What you have to do »
In the copy, every line of the material that follows must appear exactly, and no pictures should.

*** Recorded information

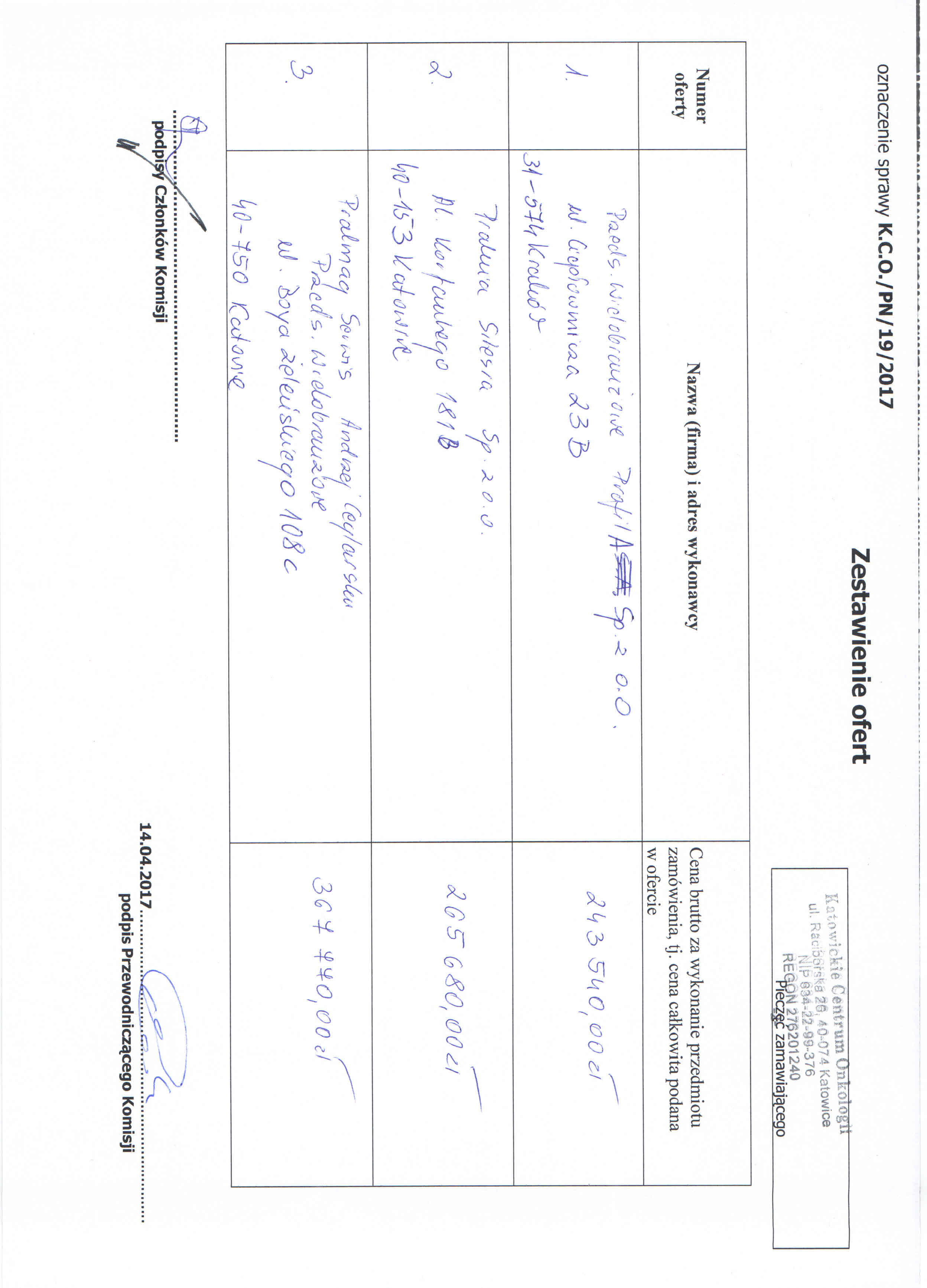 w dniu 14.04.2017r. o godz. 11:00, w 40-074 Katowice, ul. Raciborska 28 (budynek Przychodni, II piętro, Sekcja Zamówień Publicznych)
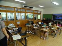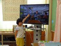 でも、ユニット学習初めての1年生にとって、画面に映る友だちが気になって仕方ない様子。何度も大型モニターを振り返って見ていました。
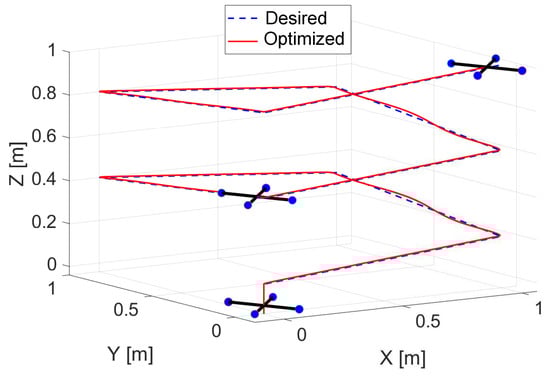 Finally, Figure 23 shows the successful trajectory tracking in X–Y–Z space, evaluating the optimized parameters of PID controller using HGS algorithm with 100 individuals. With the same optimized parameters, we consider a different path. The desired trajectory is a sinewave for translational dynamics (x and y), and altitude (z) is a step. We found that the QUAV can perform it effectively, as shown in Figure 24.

******

Written response »
 w dniu 14.04.2017r. o godz. 11:00, w 40-074 Katowice, ul. Raciborska 28 (budynek Przychodni, II piętro, Sekcja Zamówień Publicznych)
 でも、ユニット学習初めての1年生にとって、画面に映る友だちが気になって仕方ない様子。何度も大型モニターを振り返って見ていました。
 Finally, Figure 23 shows the successful trajectory tracking in X–Y–Z space, evaluating the optimized parameters of PID controller using HGS algorithm with 100 individuals. With the same optimized parameters, we consider a different path. The desired trajectory is a sinewave for translational dynamics (x and y), and altitude (z) is a step. We found that the QUAV can perform it effectively, as shown in Figure 24.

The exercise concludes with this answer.